Idaho hop producers will take an average year after one of the most challenging growing seasons of the decade. They faced a cold, wet spring then a dry, scorching hot summer. But through it all, hop growers are optimistic in a very tough year.
Thats because the craft brewer market has pushed hop demand to new highs and there's no end in sight. Obendorf says brewers wants the taste and aroma that hops bring to beer and they're constantly looking for new and different brews.
“We’re now farming 2800 acres, we’re trying to keep up with demand. Our harvest is a lot longer because we planted more acres this year. But we should be done by September 25th, as long as the weather holds and we can keep the trucks rolling,” said Obendorf.
A report from Hop growers of America reported an 11 percent increase in production last year. The nation’s hop farmers grew 87.1 million pounds of hops and this years harvest could be close to that mark. The rise of American craft breweries and their heavy use of hops means each barrel uses 10-times more hops.

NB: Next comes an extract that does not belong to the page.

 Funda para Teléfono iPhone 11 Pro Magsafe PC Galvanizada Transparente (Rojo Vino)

Because of that, Idaho hop growers now rank third in the nation and pushing Oregon for total hop acreage. This year producers strung a record 7,000 acres in hops in Idaho according to the US Department of Agriculture’s National Agricultural Statistics Service.
Brock Obendorf is the current president of the Idaho Hop Commission and he says to keep up with the craft beer demand, Idaho planted 15-hundred more acres than last year, an increase of 27-percent.

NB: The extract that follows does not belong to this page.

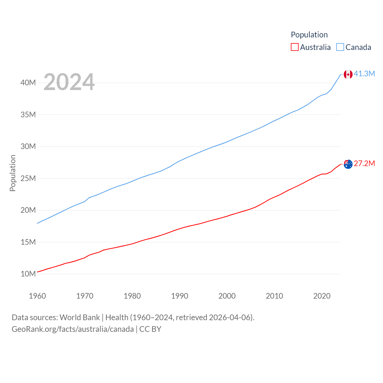 Australia has a population of 27.2M (ranked 54/197), compared with 41.3M in Canada (ranked 37/197). Australia's land area is 2,969,906 sq mi versus 3,393,336 sq mi for Canada (ranked 6th vs. 4th).

“There are more breweries every year and there’s a higher hopping rate in the craft beers, this new crop of brewers have completely changed the industry especially in the past five years,” said Obendorf
Obendorf Hop Farm and Idaho producers have no trouble finding a market for quality hops.
“We sell to brokers out of Washington and from there they go all around the world, with all these breweries springing up it’s a competitive market, beer drinkers are always looking for the next great IPA," said brother and partner, Eric Obendorf
The grueling, month-long harvest is progressing at break-neck speed. Workers cut the 14-30 foot vines in the field and drop them onto waiting trucks. Once loaded, the trucks rush to a giant hop shed where the vines are lifted and stripped. The hops fall onto a conveyer belt and then sent to the giant dryers. They’re heated up to 140-degrees and then cooled to 70 degrees in a chilly warehouse.
“Once they’re baled they go to the processor or even directly to the brewer and added into the brew. Before that in our process we cool them off for 12 hours, we have a slot in the floor that we pump fresh air to cool them off faster. We have to cool them down before we bale them,” said Eric Obendorf.
The giant bales stand in the cool warehouse until they're loaded onto Washington bound trucks. Brock Obendorf says they pack different varieties and different grades of hops.
“We sell by the pound and it ranges everywhere from a $1.50 a pound to $6-bucks. Prices have been good, but this time of year they level off. And all the acres we put in to keep up with craft demand could level off the market but we won’t know until we get past harvest,” he said.